### INFORMATION GIVEN
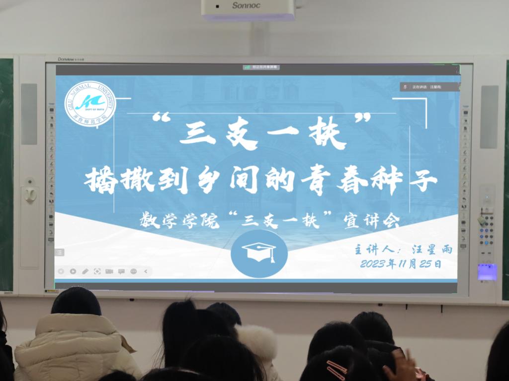 为进一步引导和激发毕业生服务基层、扎根基层的动力和决心,11月25日,数学学院通过线上和线下相结合的方式举办以“三支一扶,播撒到乡间的青春种子”为主题的“三支一扶”宣讲会。学院服务济宁梁山县“三支一扶”志愿者,2023届毕业生汪星雨受邀宣讲,2020级、2021级全体学生参加。
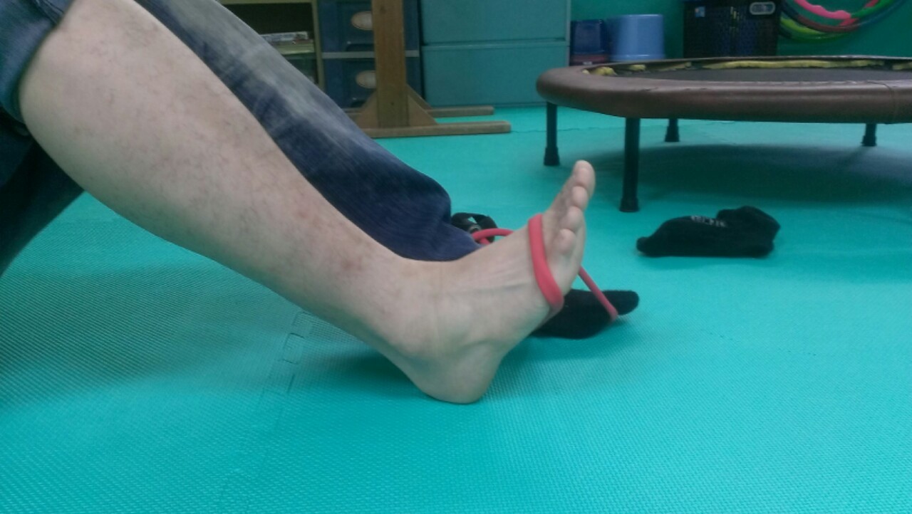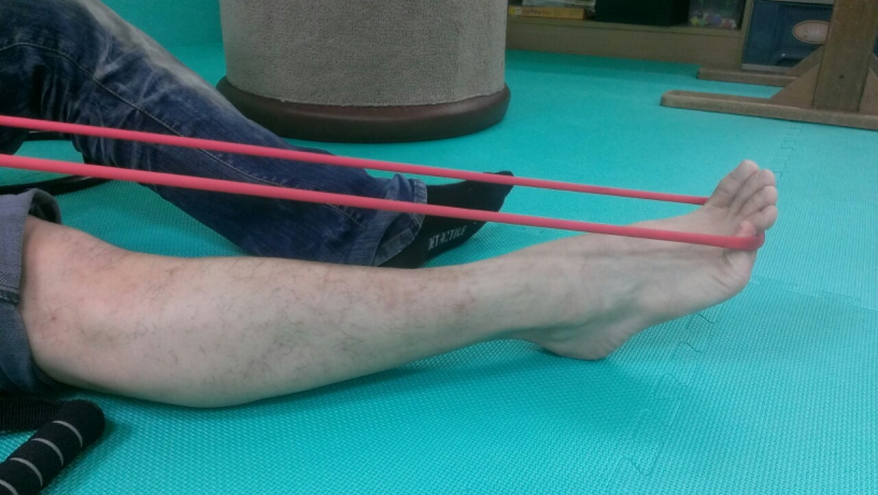 增加整著小腿的肌力,分別做腳踝下壓與腳踝抬起的動作。每個動作各停十秒,10回。
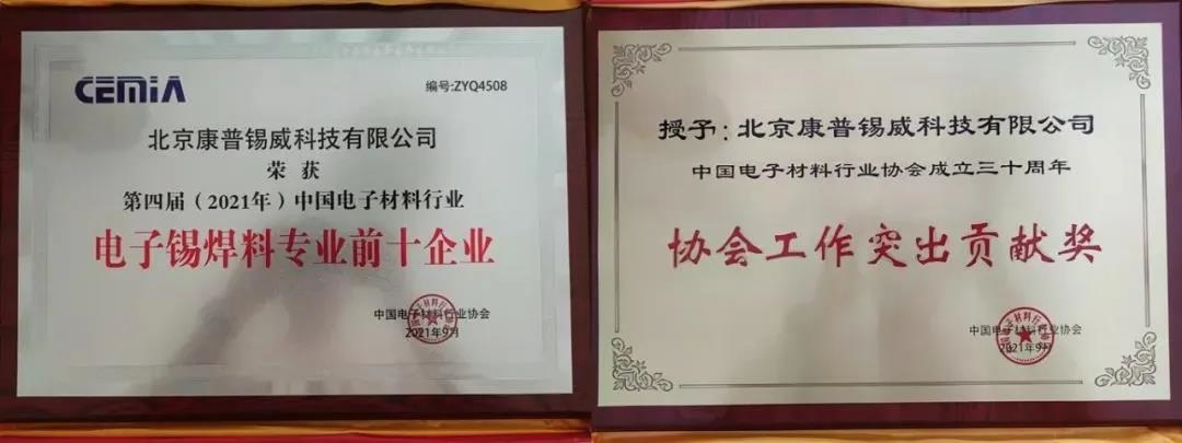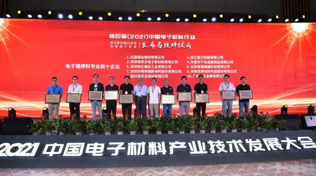 大會期間還進行了第四屆(2021年)中國電子材料行業綜合排序前50企業及半導體材料等八個專業前十企業榜單發布與授牌儀式。中國工程院院士、中國科學院院士以及中國電子材料行業協會領導等為獲獎企業代表頒獎。我公司繼續入圍“電子錫焊料專業前十企業”。
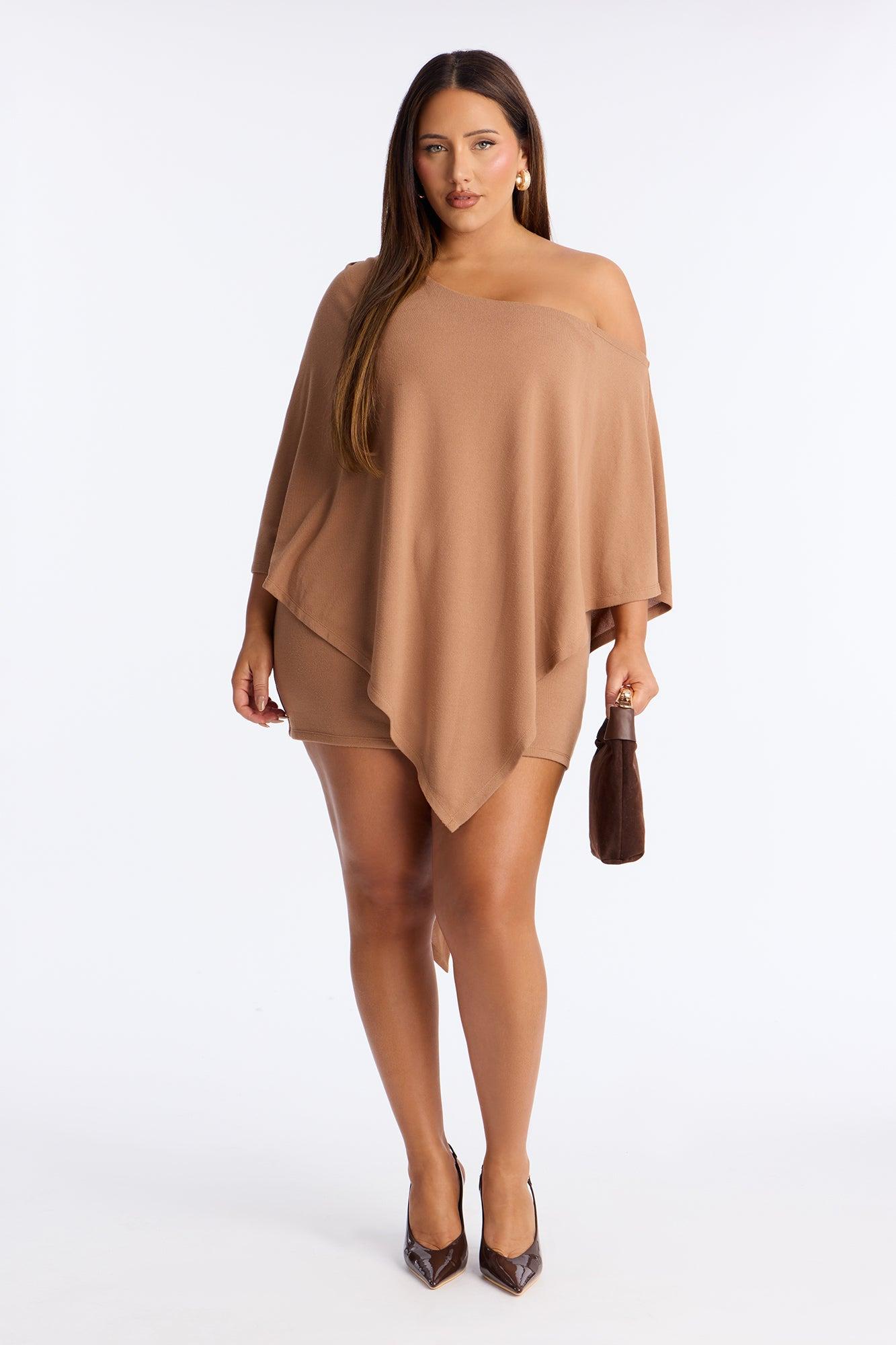 Charlotte Asymmetrical Sweater Mini Dress - Brown Female
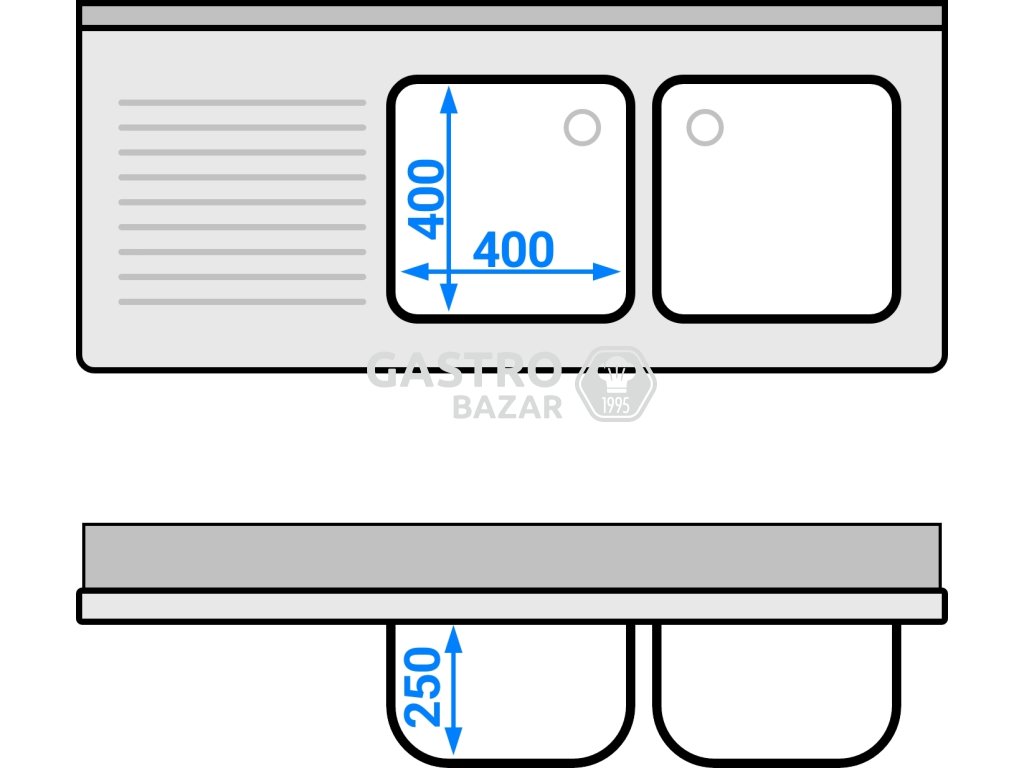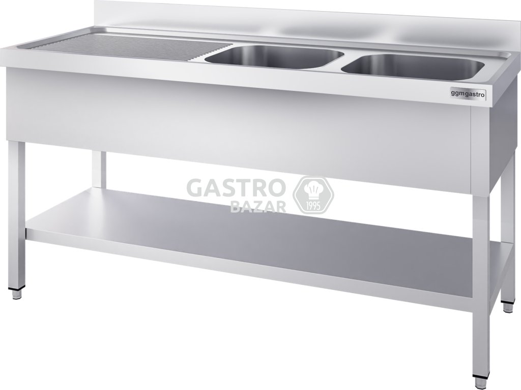 Mycí stůl PREMIUM z nerezové oceli - se spodní policí - 1,4 m - 2 dřezy vpravo - D 40 x Š 40 x H 25 cm
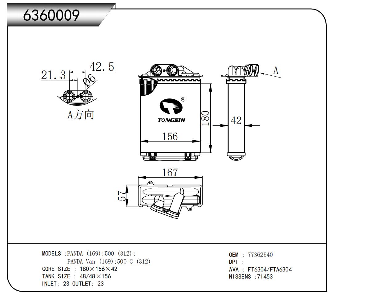 適用于奇瑞瑞虎(新款) MT散熱器 OEM : F1301000B1
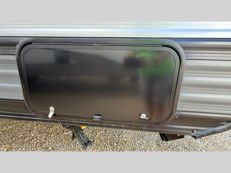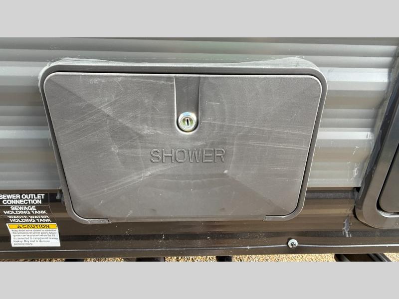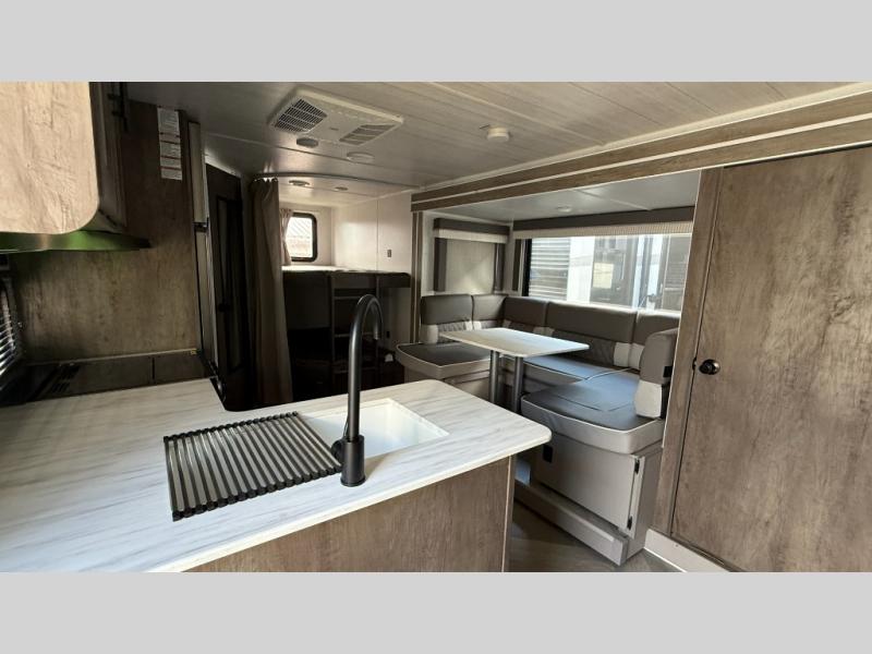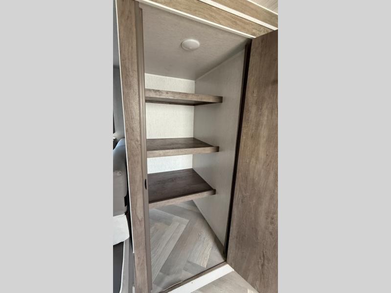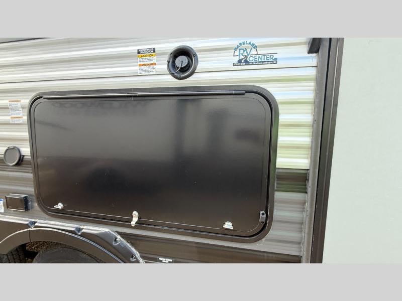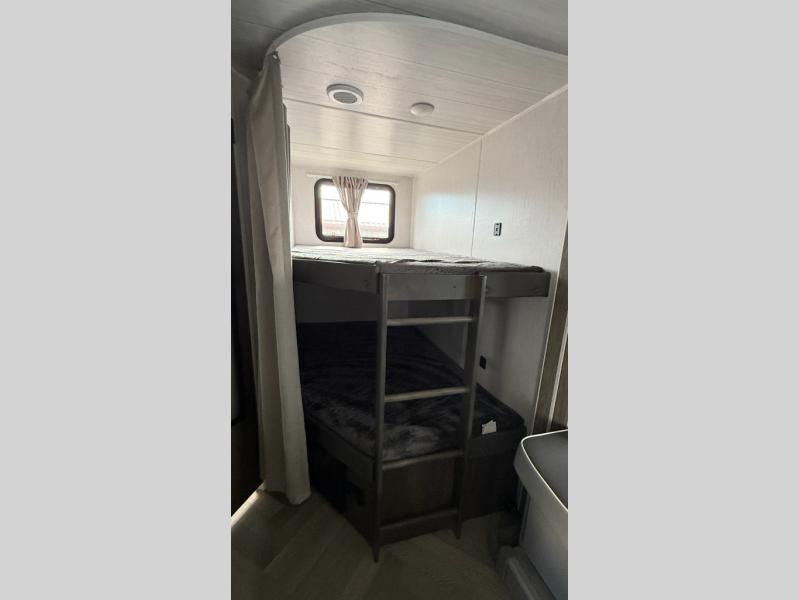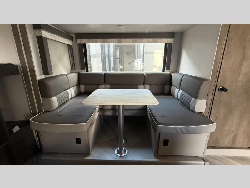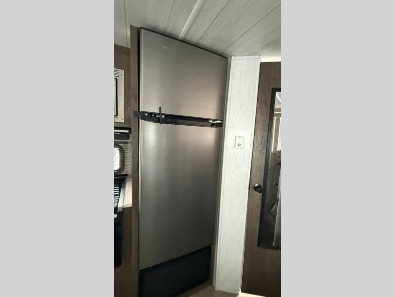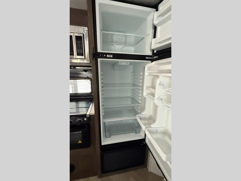 This travel trailer is big enough for the whole family to join in on the fun and weighs in at less than 6,000 lbs! The kiddos can sleep on the corner 46" 74" double-over-double bunk beds, and you can sleep on the queen bed inside the front private bedroom, plus the U-shaped dinette can transform into an extra sleeping space. It also has a panoramic window for you to look out at your beautiful scenery while you eat. The rear corner bathroom has everything you will need to get squeaky clean each morning, as well as an exit/entrance door to the unit. The oversized 11 cu. ft. refrigerator will keep your perishables fresh and the three burner cooktop is just waiting for you to create a delicious meal, plus the walk-in pantry is big enough to store everyone's favorite snacks!
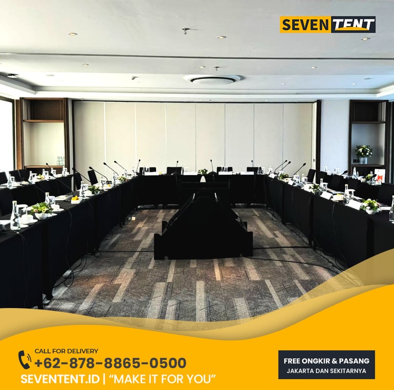 Butuh sewa meja meeting Jabodetabek yang kokoh & profesional? Seventent.id menyediakan rental meja IBM & meja rapat kualitas premium. Unit bersih, taplak rapi, & siap antar ke Jakarta hingga Cikarang. Cek promo harga 2026 & hadirkan produktivitas di setiap diskusi tim Anda di sini!
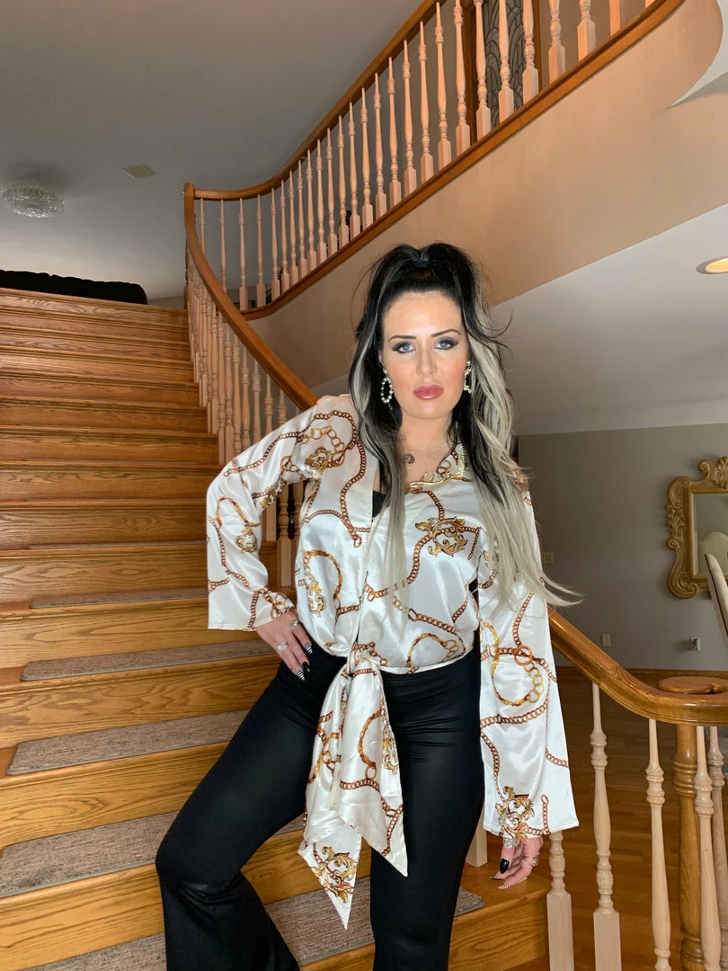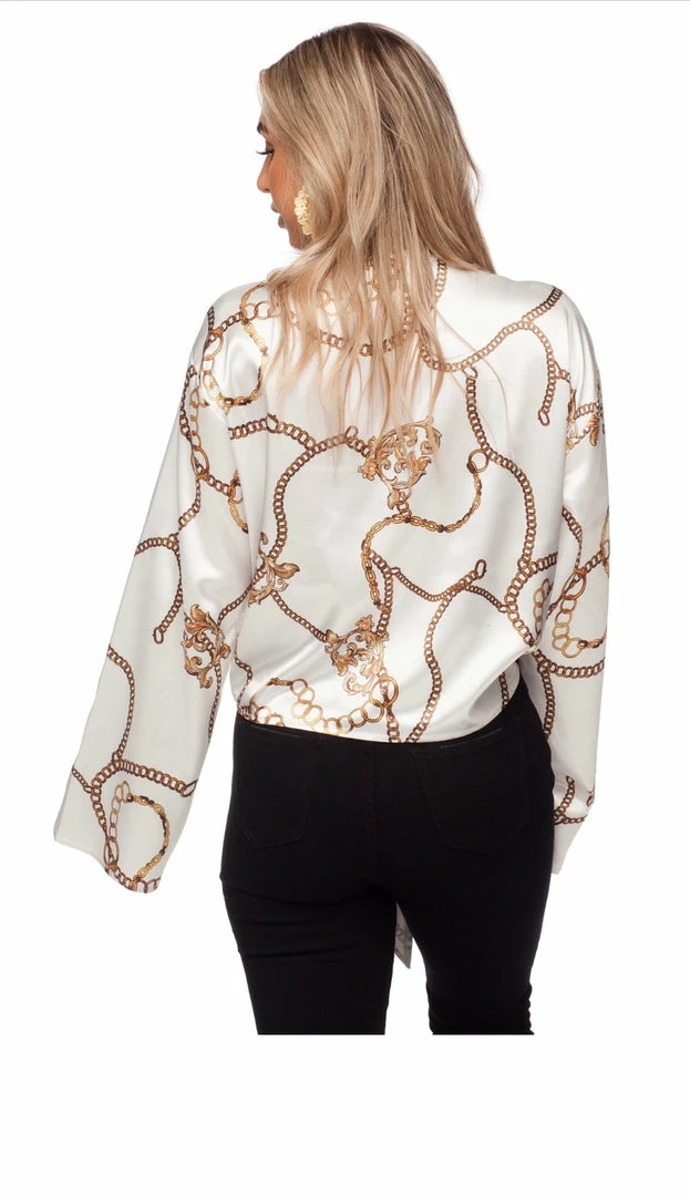 Youโll be weekend ready with our Gayle Top! ย She features a v-neck, long bell sleeves, tie front and a hook and eye closure in front! ย
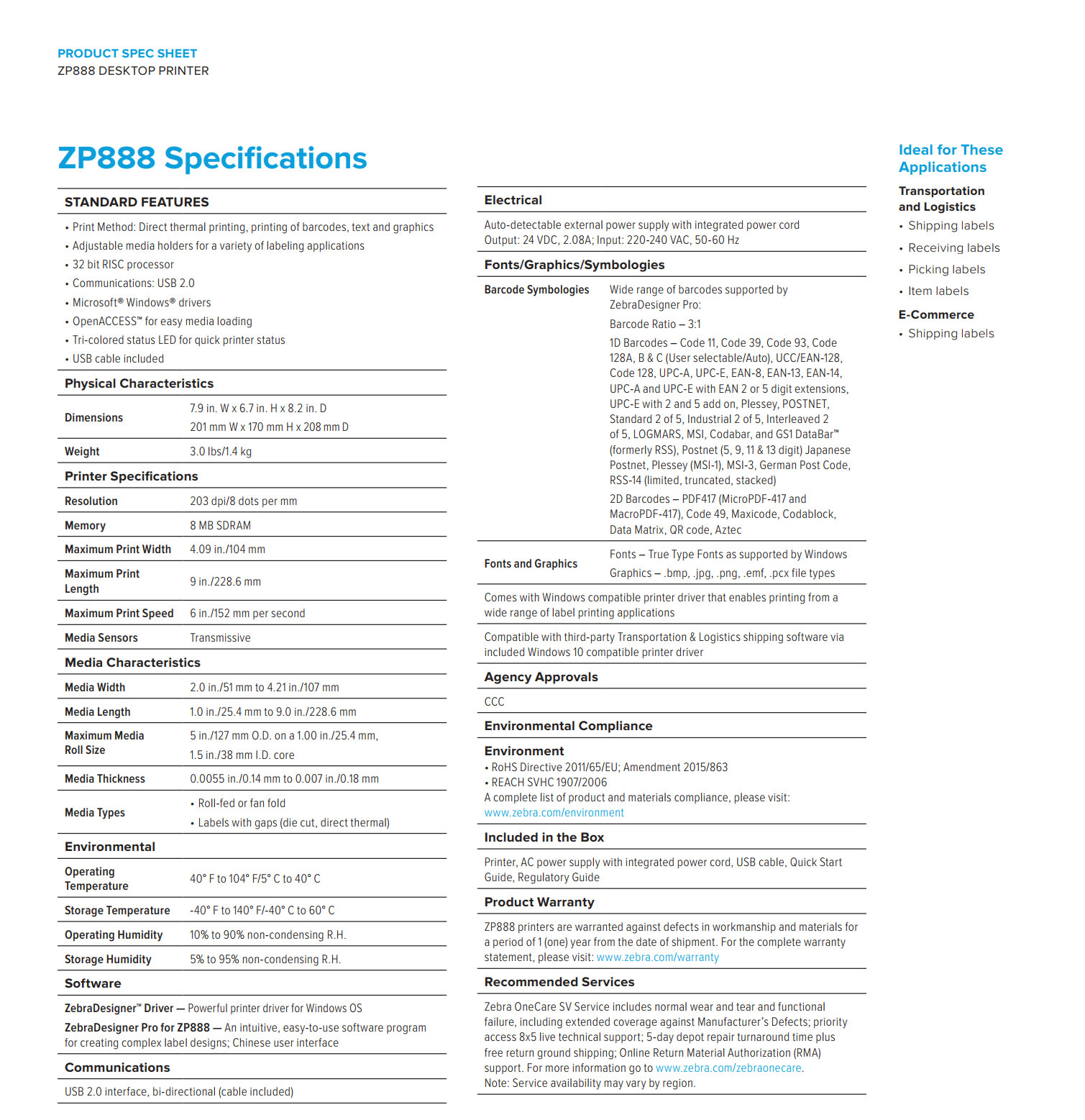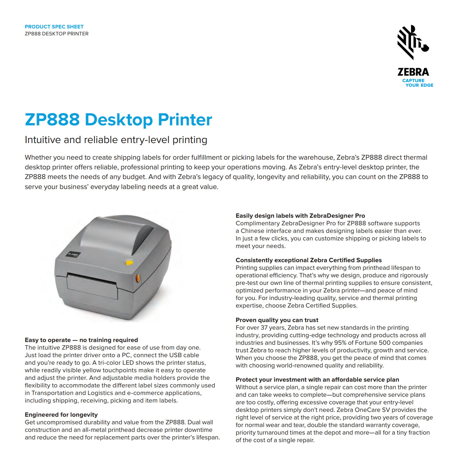 ZP888 4 Inch Direct Thermal Desktop Printer

### AIM OF THE TASK
Every line above should be returned exactly; the pictures stay out.

### RESPONSE TO THE TASK
 为进一步引导和激发毕业生服务基层、扎根基层的动力和决心,11月25日,数学学院通过线上和线下相结合的方式举办以“三支一扶,播撒到乡间的青春种子”为主题的“三支一扶”宣讲会。学院服务济宁梁山县“三支一扶”志愿者,2023届毕业生汪星雨受邀宣讲,2020级、2021级全体学生参加。
 增加整著小腿的肌力,分別做腳踝下壓與腳踝抬起的動作。每個動作各停十秒,10回。
 大會期間還進行了第四屆(2021年)中國電子材料行業綜合排序前50企業及半導體材料等八個專業前十企業榜單發布與授牌儀式。中國工程院院士、中國科學院院士以及中國電子材料行業協會領導等為獲獎企業代表頒獎。我公司繼續入圍“電子錫焊料專業前十企業”。
 Charlotte Asymmetrical Sweater Mini Dress - Brown Female
 Mycí stůl PREMIUM z nerezové oceli - se spodní policí - 1,4 m - 2 dřezy vpravo - D 40 x Š 40 x H 25 cm
 適用于奇瑞瑞虎(新款) MT散熱器 OEM : F1301000B1
 This travel trailer is big enough for the whole family to join in on the fun and weighs in at less than 6,000 lbs! The kiddos can sleep on the corner 46" 74" double-over-double bunk beds, and you can sleep on the queen bed inside the front private bedroom, plus the U-shaped dinette can transform into an extra sleeping space. It also has a panoramic window for you to look out at your beautiful scenery while you eat. The rear corner bathroom has everything you will need to get squeaky clean each morning, as well as an exit/entrance door to the unit. The oversized 11 cu. ft. refrigerator will keep your perishables fresh and the three burner cooktop is just waiting for you to create a delicious meal, plus the walk-in pantry is big enough to store everyone's favorite snacks!
 Butuh sewa meja meeting Jabodetabek yang kokoh & profesional? Seventent.id menyediakan rental meja IBM & meja rapat kualitas premium. Unit bersih, taplak rapi, & siap antar ke Jakarta hingga Cikarang. Cek promo harga 2026 & hadirkan produktivitas di setiap diskusi tim Anda di sini!
 Youโll be weekend ready with our Gayle Top! ย She features a v-neck, long bell sleeves, tie front and a hook and eye closure in front! ย
 ZP888 4 Inch Direct Thermal Desktop Printer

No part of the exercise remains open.